Balboa reaches new Heights

 

TOYS, TOYS and MORE TOYS

When we pulled the old stove out I found out where all of the missing toys had gone. Before the new stove was delivered I filled a box with all of the balls and toys from under the old stove. No need to buy any more for awhile!

 

Is Maine an Option?

A Spring Vacation in Maine?

I saw a chance to reserve a cabin in the Maine woods in May. I’ve been to Rangeley Maine before. There’s not much to do except enjoy the scenery and hike. You might see a moose or deer  or if you’re really lucky a fox kit.

 

Little fox on side of road

I spent a week in Mane in June one year so I jumped at the chance to make the reservation. Now I’m having 2nd thoughts. For one thing I’ve added Banner to my household and he can’t go. If he was a dog he would be welcomed but cats are not allowed. I’m not sure I’m ready to be separated  yet.

 

The second reason is that Maine has reinstated it’s COVID quarantine for people from MA. If I have to be quarantined for 2 weeks I might as well stay home.

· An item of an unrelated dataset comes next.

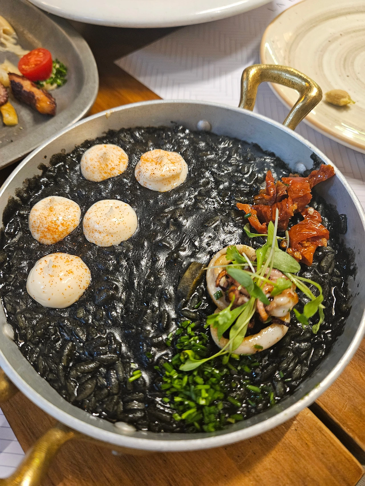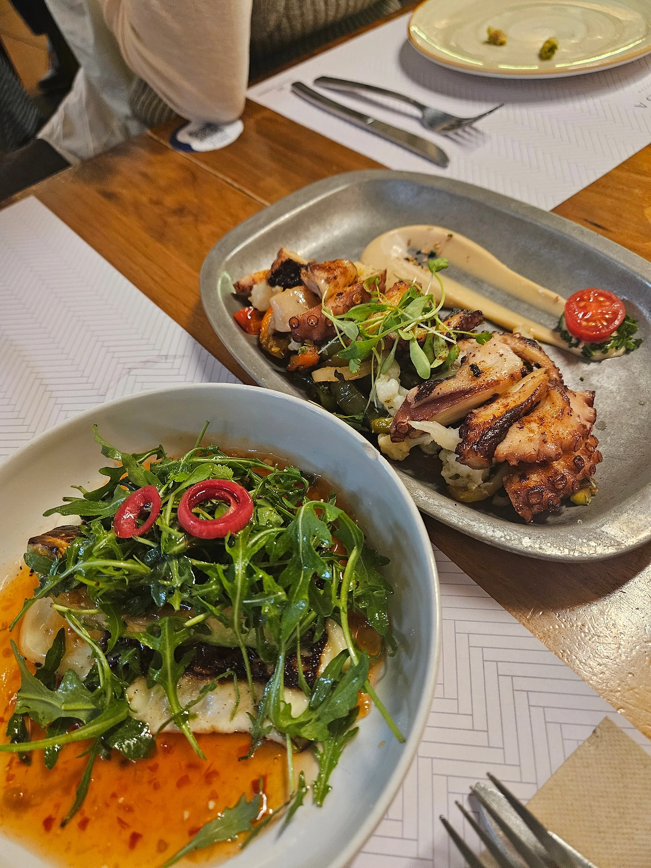 마지막 성당까지 구경을 마치고 우리는 늦은 점심을 먹으러 갔다. 오늘도 타파스 바로 향했는데, 가는 길이 10분 정도 걸려서 메뉴를 열심히 고민하며 갔다. 치열한 고민의 결과는 오리 콩피와 뽈뽀, 오징어 먹물 빠에야와 치즈 요리였다. 곁들여 마실 시원한 맥주 2잔도 주문했다. 치즈 요리가 먼저 나왔다. 구운 치즈 위에 살짝 구운 아보카도가 올라가고, 그 위에는 루꼴라, 옆으로는 스위트 칠리소스가 뿌려져 있었다. 네 재료가 심플하면서도 잘 어울려서 맛있었다. 다음으로는 오리 콩피가 나왔다. 오리 콩피는 처음 먹어보는데, 당근 퓌레랑 미지의 소스랑 오리 콩피가 정말 맛있었다. 당근을 그렇게 좋아하지는 않지만 이 당근 퓌레는 정말 맛있고 고기랑도 잘 어울렸다. 뽈뽀는 어제보다 양도 많고 소스도 맛있었다. 마지막 빠에야도 먹물 맛이 진하고 부드러우면서도 풍미가 느껴져 맛있었다.

My last reason for questioning this decision is snow. Rangeley Maine is in the middle of the state right in the mountains. It’s a beautiful place but will it still be snowbound in May? Perhaps some more research is needed.

Speaking of Banner

Banner is growing like a weed and is a really good kitten most of the time. He leaves me alone to work either sleeping or playing with his toys. That’s amazing! But he did discover the jigsaw puzzle so that project had to be boxed up before the pieces were lost. A few now have kitty teeth marks!

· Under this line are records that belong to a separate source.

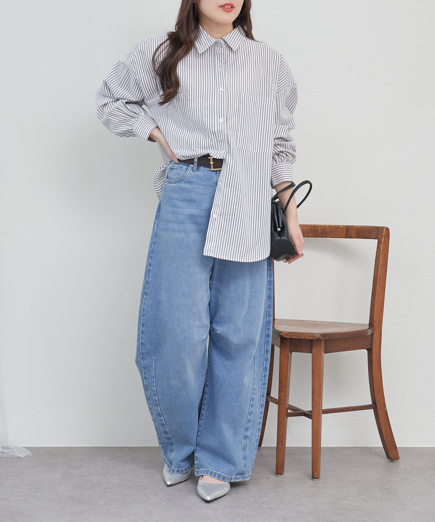 ・一枚着トップスとしてはもちろんのこと、羽織ったスタイリングできるので幅広いコーデに対応します。
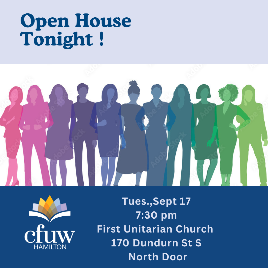 🌟 Tonight’s the night! 🌟Join us for a fun and social evening at CFUW Hamilton’s Open House! Catch up with old friends, make new connections, and get the latest updates on our interest groups.
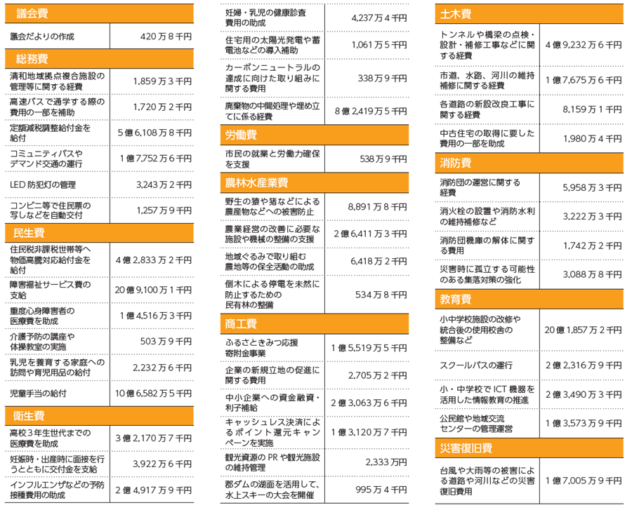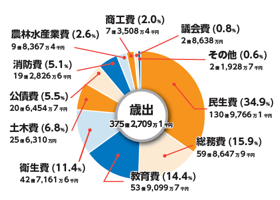 総務費…市役所の管理・運営やバスの運行、徴税などに要する経費
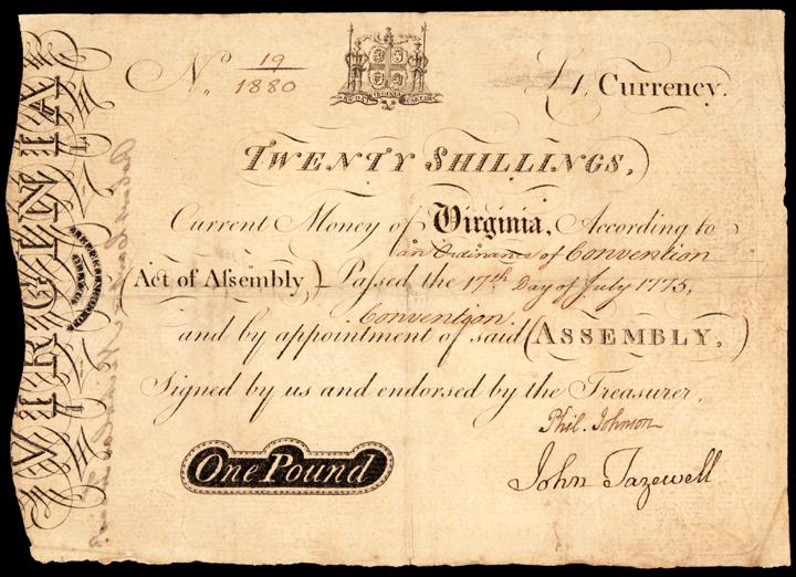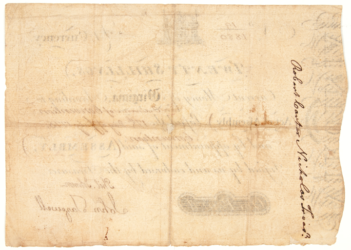 Fr. VA-77b. This is a pleasing Large Format, John Ashby engraved bank form, signed within the left margin print by the engraver “Ashby.” This note has a large portion of its left side indent margin is still intact. Much of the word “VIRGINIA’ is still present and ‘DEATH TO COUNTERFEIT” remains full. There are some typical light folds and a tiny central paper reinforcement on the reverse. The printed text is sharp and fully readable and the manuscript portions are written in bold brown. Endorsement on the blank reverse of “Robert Carter Nicholas Treas.” recording this note as the Treasurer of Virginia.

We discovered Cat TV on YouTube.  When he gets particularly feisty I put the video on. If I add sound it really makes him crazy . He goes after the speakers so we usually watch “silent” TV.

As you can see Banner can be distracted too but comes back strong. Can you hear him purr? He is quite proud of himself.

He can also be entertained by just watching the curser or the letters on the screen as I type.